Maybe Duran thinks prize fighting is like selling insurance or working at the post office. You do it until someone forces you into retirement, until the boss pulls you aside one afternoon and tells you to quit coming to work, that it's time to retire.

Roberto. Quit going to work. It's time to retire. Fighting isn't like sorting mail or explaining term life to newlyweds. The consequences of a bad day are a little more severe. And in the fight game, your skills begin to diminish about the time you have to start shaving every day. At 40, you're half the fighter you were at 20. At 50, the only reason you should be climbing into the ring is to shake someone's hand, wave to the crowd or tell someone else how to fight.

It's like this. I'd like to meet Sandy Koufax, but I'd rather talk to him about pitching than watch him try to do it.

Duran's 34-year career continues next month when he fights another dinosaur - 39-year-old Hector Camacho - on July 14 in Denver at the Pepsi Center.

You've got to hand it to these two. They want to keep playing until it's too dark to see the ball, until mom turns on the porch light and tells them it's time to come in.

They're like your Uncle Fred who stops by to visit and stays.
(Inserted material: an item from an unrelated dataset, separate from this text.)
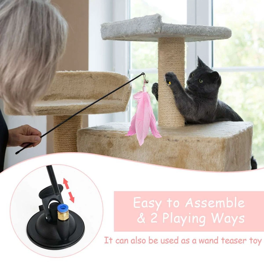Product Description Specifications: Material: ABS + Steel Wire + Feather Color: As Picture Teaser Rod Length: Approx. 80cm / 31.5in Feather Length: Approx. 20cm / 7.9in Bottom Width: 7cm / 2.8in Features: · Interactive Cat Teaser Toy: This interactive cat teaser toy features a flexible wire teaser rod that will swing or wiggle when your kitten pats or touches it, which gives your kitten fun and stimulates your kitten’s natural hunting instincts. · Strong Suction Cup Base: The cat teaser toy has a strong suction cup base that can be easily fixed on a clean flat smooth surface. Simply place the suction cup base on the smooth surface and press down the lever to fix. · Easy to Assemble & 2 Playing Ways: Gently press down the blue tube to unlock and then insert in the wire rod to assemble. Press down the blue tube to release the rod. It can also be used as a wand teaser toy for you to play with your furry friend for building a good relationship. · 3 Feather Attachments: The toy comes with 3 different-colored feather attachments (black, white and pink) for replacement. · Convenient Snap Hook: Convenient snap hook makes it easy to attach the feather attachment to the teaser rod. · Added Small Bell: Added small bell tinkles when your kitty is patting the toy to keep your kitty attracted. · Relieve Boredom & Enhance Exercise: It helps to relieve your kitty’s boredom and enhance your kitty’s exercise for a happy life. Notes: * Do NOT forget to supervise your dear pet when playing with a new toy! * NOT for aggressive pets. * Due to effect of light, camera and monitors, the item’s real color may have slight difference. * Allow slight dimension difference due to manual measurement. * Thank you for your kindly understanding. WARNING for California Residents: This product can expose you to chemicals including Diisononyl phthalate (DINP), which is known to the State of California to cause cancer. For more information, go to: https://www.p65warnings.ca.gov/. Package Includes: 1 X Suction Cup Base 1 X Teaser Rod 3 X Feather Attachments (Others are NOT included) Payment Shipping Returns Feedback PayPal is easy and safey, and we can accept PayPal payment Please do not hesitate to contact us if you have any questions of payment procedures 1.Items dispatched to buyer's PayPal comfimed address from Monday to Saturday(Sunday & Holiday excluded) via USPS within 20 hours after payment has been received.Please check your shipping address carefully before checkout.If you want to change the address, pls kindly contact us through ebay message within three hours after payment.Otherwise, any change information may be disregarded once dispatched. 2.Items are generally shipped usually after an approved payment by the buyer(Saturday and Sunday excluded). 3.Shipping from warehouses in CA usually takes 3-5 business days to reach completion for orders within the US placed by USPS first class mail(tracking numbers available). 4.Do not provide local pick up service. Returns will be accepted within 30 days after delivery. However, if the item is damaged upon arrival, buyers must contact us within 3 days after delivery for any refund or replacement. Returns will not be accepted if buyers caused any damages to the item. Refunds are given as Exchange or Money Back. 1.If you are satisfied with the product you received, please leave us positive feedback and 5 scores DSR. 2.If you are dissatisfied for any reason, please donot be quick to leave negative/neutral feedback. Pls contact with us via Ebay message, We work hard to resolve any problem to make sure EVERY CUSTOMER 100% SATISFIED and always leave positive feedback to all our customer. 3.If you feel delighted with this transation, Pls give us all 5-stars. We strive for 5-star service by providing high-quality goods and perfect service. Therefore, pls take the transaction seriously. (Positive)feedback is simply what we seek for. If you have any problems about your purchase, just let us know through "MY MESSAGES". We promise that we will try our best to solve problem for you since our mission as ebay seller is make sure that you are satisfied with your every transaction. So Pls contact us first to get the best solution before leave a (Negativa)or (Neutral)feedback Payment PayPal is easy and safey, and we can accept PayPal payment Please do not hesitate to contact us if you have any questions of payment procedures Shipping 1.Items dispatched to buyer's PayPal comfimed address from Monday to Saturday(Sunday & Holiday excluded) via USPS within 20 hours after payment has been received.Please check your shipping address carefully before checkout.If you want to change the address, pls kindly contact us through ebay message within three hours after payment.Otherwise, any change information may be disregarded once dispatched. 2.Items are generally shipped usually after an approved payment by the buyer(Saturday and Sunday excluded). 3.Shipping from warehouses in CA usually takes 3-5 business days to reach completion for orders within the US placed by USPS first class mail(tracking numbers available). 4.Do not provide local pick up service. Returns Returns will be accepted within 30 days after delivery. However, if the item is damaged upon arrival, buyers must contact us within 3 days after delivery for any refund or replacement. Returns will not be accepted if buyers caused any damages to the item. Refunds are given as Exchange or Money Back. Feedback 1.If you are satisfied with the product you received, please leave us positive feedback and 5 scores DSR. 2.If you are dissatisfied for any reason, please donot be quick to leave negative/neutral feedback. Pls contact with us via Ebay message, We work hard to resolve any problem to make sure EVERY CUSTOMER 100% SATISFIED and always leave positive feedback to all our customer. 3.If you feel delighted with this transation, Pls give us all 5-stars. We strive for 5-star service by providing high-quality goods and perfect service. Th

He was great to have around for awhile, the funniest guy on the block, but the same jokes are growing old and now you wish he'd just go home.

How do you tell a man who doesn't know any other way of life that his services are no longer needed? How do you tell him his skills have slipped and all he's doing now is making everyone forget how beautiful his work was 25 years ago?

Maybe you don't. Maybe you just smile and let the man go on with his life, let him earn a buck any legal way he can, hope he doesn't hurt himself.

But eventually, people are going to realize they're watching a shadow of what used to be, and that won't be enough. Eventually, commissions are going to quit okaying 50-year-old fighters, and then it will be over. That's the boss pulling you aside and telling you to go home.

I don't know whether to laugh at Duran's fight with Camacho or shake my head, whether to think of it as high comedy or tragicomedy. These are two of the biggest names in boxing in the past 20 years, two of the sport's greatest fighters, but they just won't let go of the tail, won't turn the tiger loose, even though it quit growling a long time ago.